Records contained in a dataset

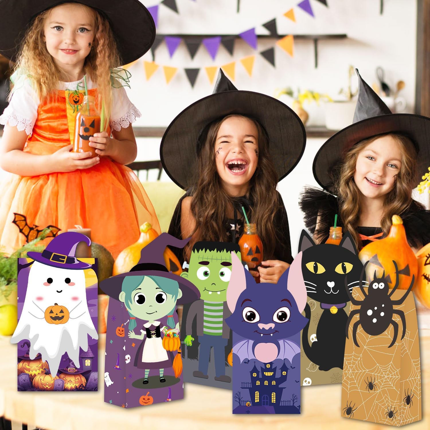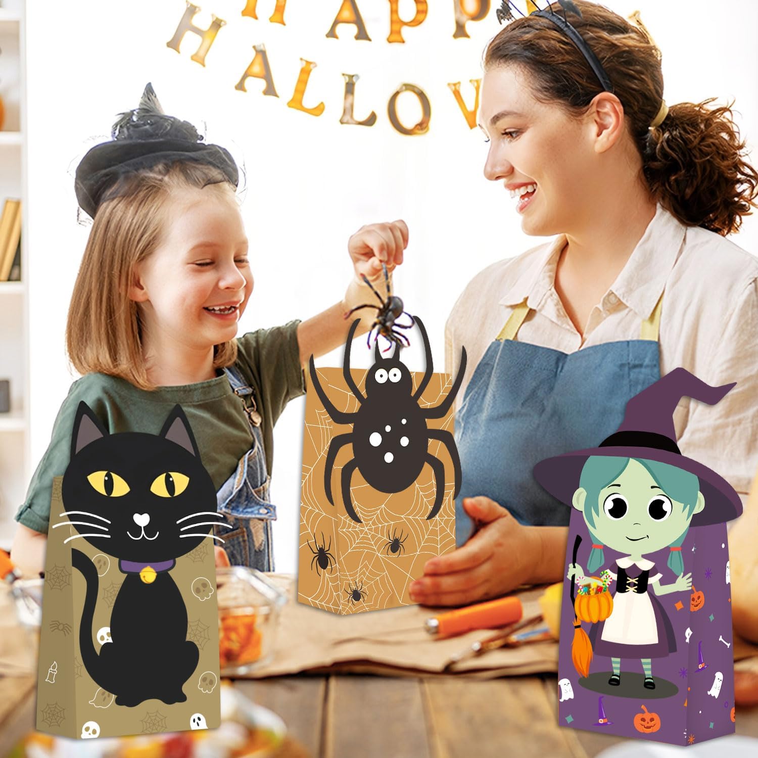 - 24 Halloween Treats Bags:There are 6 different cute designs, such as spiders, tree devils, bats, witches and other super cute patterns, 4 pieces of each Halloween pattern, whether it's a gift for party, or used to decorate the party, this set of halloween goodie bags is the best selection
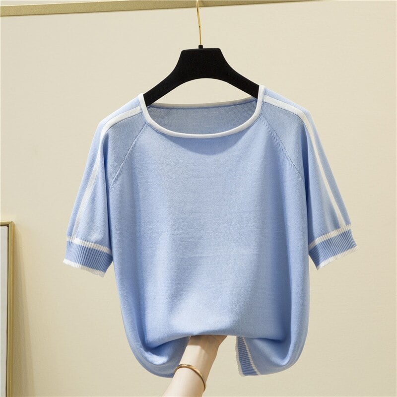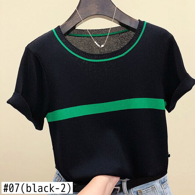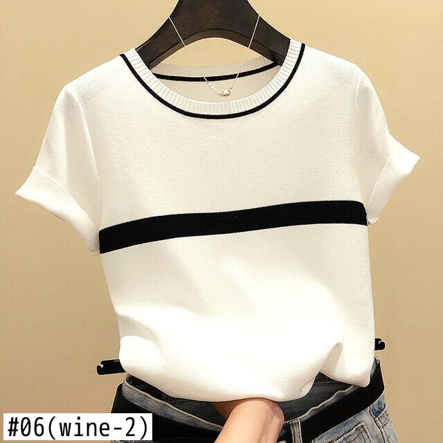Tシャツ薄いニット Tシャツ女性半袖 Tシャツ夏トップス女性服ストライプ Tシャツ Camisetas ショート ハーフスリーブ サマー 夏物 Son70018453529
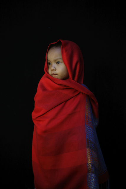 Enfant enroulé dans un châle rouge
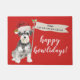 Niedlich Happy Howlidays Miniatur Schnauzer Hund mit einer Weihnachtsmannmütze mit einem Banner mit der Nachricht Paw - la - la - la. Türmatte Set auf einem roten Hintergrund. Besuchen Sie unseren Shop, um eine große Auswahl an Hundebrotten zu sehen
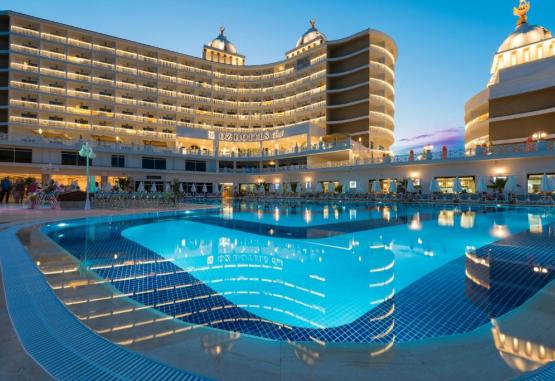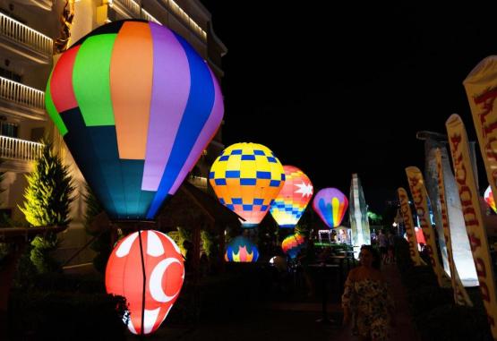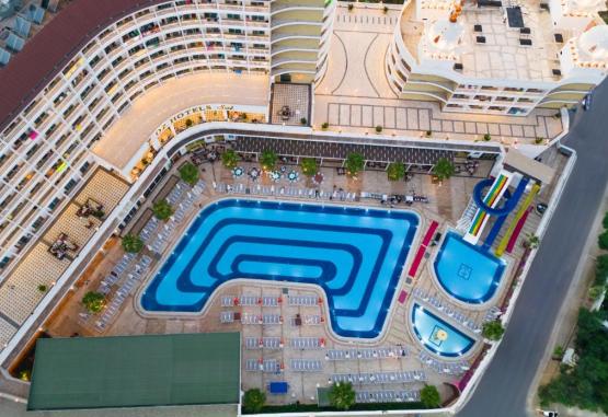 Această proprietate este la 6 minute pe jos față de plajă. Oz Hotels Sui se află in Alanya și are centru de fitness, bar, lounge comun și grădină. Această proprietate pune la dispoziție recepție cu program non-stop, restaurant, parc acvatic și piscină in aer liber, disponibilă pe tot parcursul anului. Proprietatea are hamam, facilități de karaoke și room service.
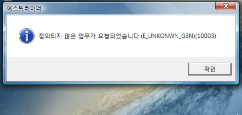 "정의되지 않은 업무가 요청되었습니다.(E_UNKONOWN_GBN)(10003)" 이라 뜨는데...
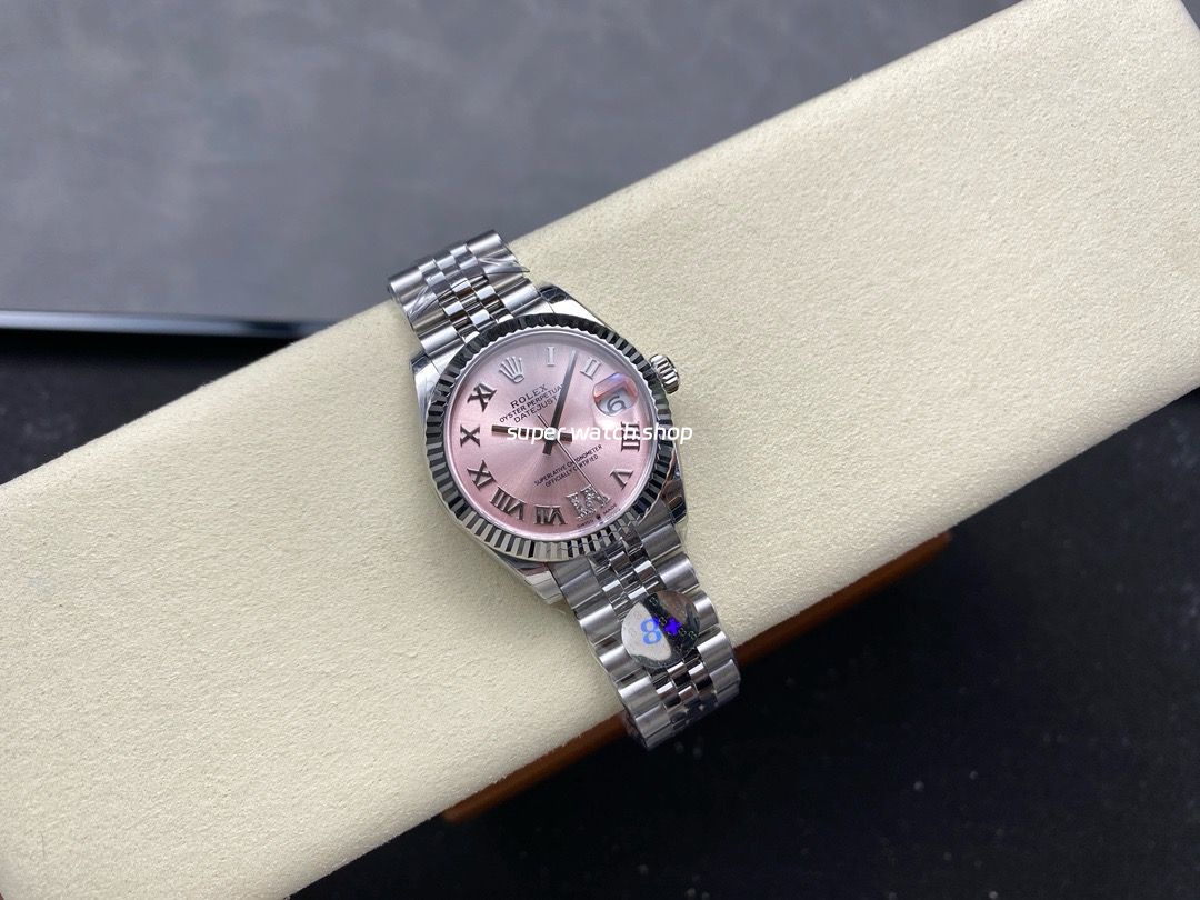 8+ Factory Rolex Datejust 278274-0024 31mm Full Steel Roman Numerals Diamond Pink Dial Jubilee
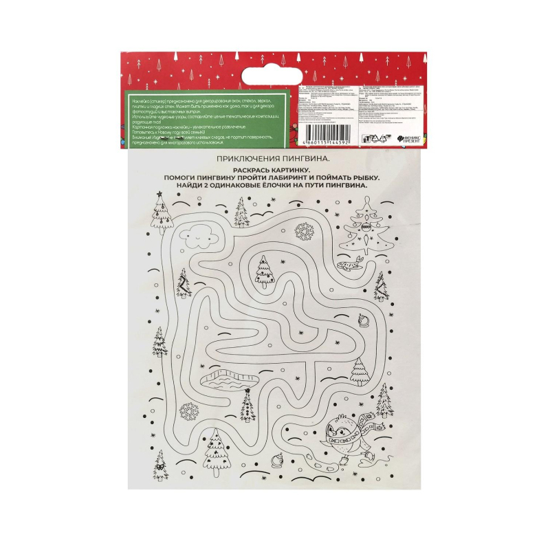 Наклейка предназначена для декорирования окон, зеркал, стекол, плитки и гладких стен. Может быть использована как для домашнего применения, так и в качестве декора фотостудий и выставочных витрин. Используйте чудесные узоры, составляйте целые тематические композиции, радующие глаз! Картонная подложка наклейки представляет собой раскраску. Готовьтесь к Новому Году всей семьей! Изделие не оставляет клеевых следов, не портит поверхность, предназначено для многоразового использования. На наклейку нанесен белый объемный рисунок из мерцающих блесток, который создает эффект морозных узоров.
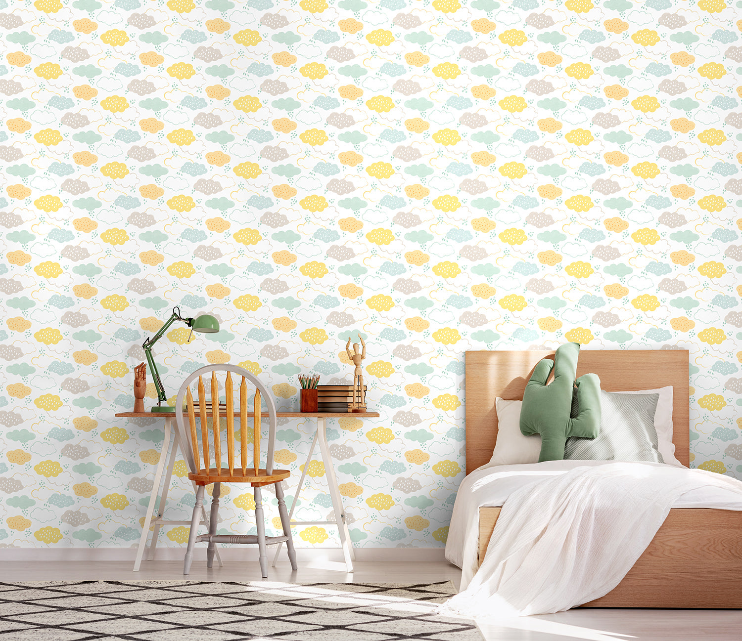 The image showcases an enchanting blend of soft, dreamy clouds drifting across a mellow lemon fizz backdrop. The clouds are delicately rendered with watercolour brushstrokes, giving a gentle and almost ethereal quality to the scene. Subtle dots are scattered throughout, reminiscent of tiny stars or raindrops, which add a sense of whimsy and tranquility to any room.
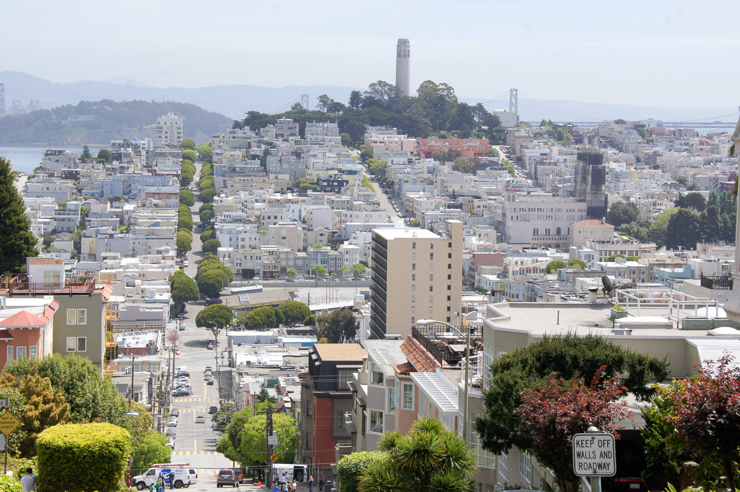 Blick vom Russian Hill auf den Telegraph Hill mit Coit Tower
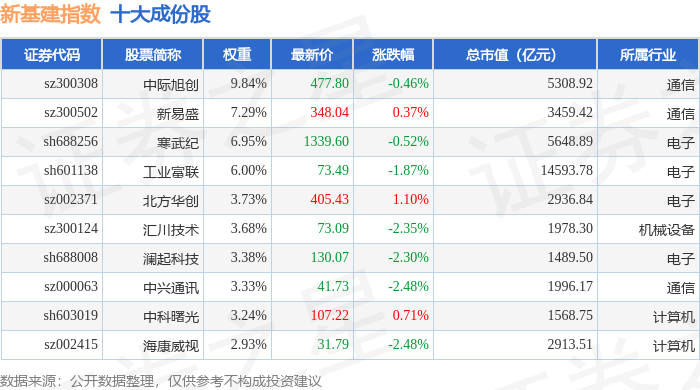 证券之星消息,11月4日,新基建(980029)指数报收于7201.35点,跌0.79%,成交1447.12亿元,换手率1.25%。当日该指数成份股中,上涨的有12家,思源电气以5.07%的涨幅领涨,下跌的有36家,深信服以3.78%的跌幅领跌。

Aim of the task: Return the entries exactly as given. Do not include pictures.

Solution for this exercise:
 - 24 Halloween Treats Bags:There are 6 different cute designs, such as spiders, tree devils, bats, witches and other super cute patterns, 4 pieces of each Halloween pattern, whether it's a gift for party, or used to decorate the party, this set of halloween goodie bags is the best selection
Tシャツ薄いニット Tシャツ女性半袖 Tシャツ夏トップス女性服ストライプ Tシャツ Camisetas ショート ハーフスリーブ サマー 夏物 Son70018453529
 Enfant enroulé dans un châle rouge
 Niedlich Happy Howlidays Miniatur Schnauzer Hund mit einer Weihnachtsmannmütze mit einem Banner mit der Nachricht Paw - la - la - la. Türmatte Set auf einem roten Hintergrund. Besuchen Sie unseren Shop, um eine große Auswahl an Hundebrotten zu sehen
 Această proprietate este la 6 minute pe jos față de plajă. Oz Hotels Sui se află in Alanya și are centru de fitness, bar, lounge comun și grădină. Această proprietate pune la dispoziție recepție cu program non-stop, restaurant, parc acvatic și piscină in aer liber, disponibilă pe tot parcursul anului. Proprietatea are hamam, facilități de karaoke și room service.
 "정의되지 않은 업무가 요청되었습니다.(E_UNKONOWN_GBN)(10003)" 이라 뜨는데...
 8+ Factory Rolex Datejust 278274-0024 31mm Full Steel Roman Numerals Diamond Pink Dial Jubilee
 Наклейка предназначена для декорирования окон, зеркал, стекол, плитки и гладких стен. Может быть использована как для домашнего применения, так и в качестве декора фотостудий и выставочных витрин. Используйте чудесные узоры, составляйте целые тематические композиции, радующие глаз! Картонная подложка наклейки представляет собой раскраску. Готовьтесь к Новому Году всей семьей! Изделие не оставляет клеевых следов, не портит поверхность, предназначено для многоразового использования. На наклейку нанесен белый объемный рисунок из мерцающих блесток, который создает эффект морозных узоров.
 The image showcases an enchanting blend of soft, dreamy clouds drifting across a mellow lemon fizz backdrop. The clouds are delicately rendered with watercolour brushstrokes, giving a gentle and almost ethereal quality to the scene. Subtle dots are scattered throughout, reminiscent of tiny stars or raindrops, which add a sense of whimsy and tranquility to any room.
 Blick vom Russian Hill auf den Telegraph Hill mit Coit Tower
 证券之星消息,11月4日,新基建(980029)指数报收于7201.35点,跌0.79%,成交1447.12亿元,换手率1.25%。当日该指数成份股中,上涨的有12家,思源电气以5.07%的涨幅领涨,下跌的有36家,深信服以3.78%的跌幅领跌。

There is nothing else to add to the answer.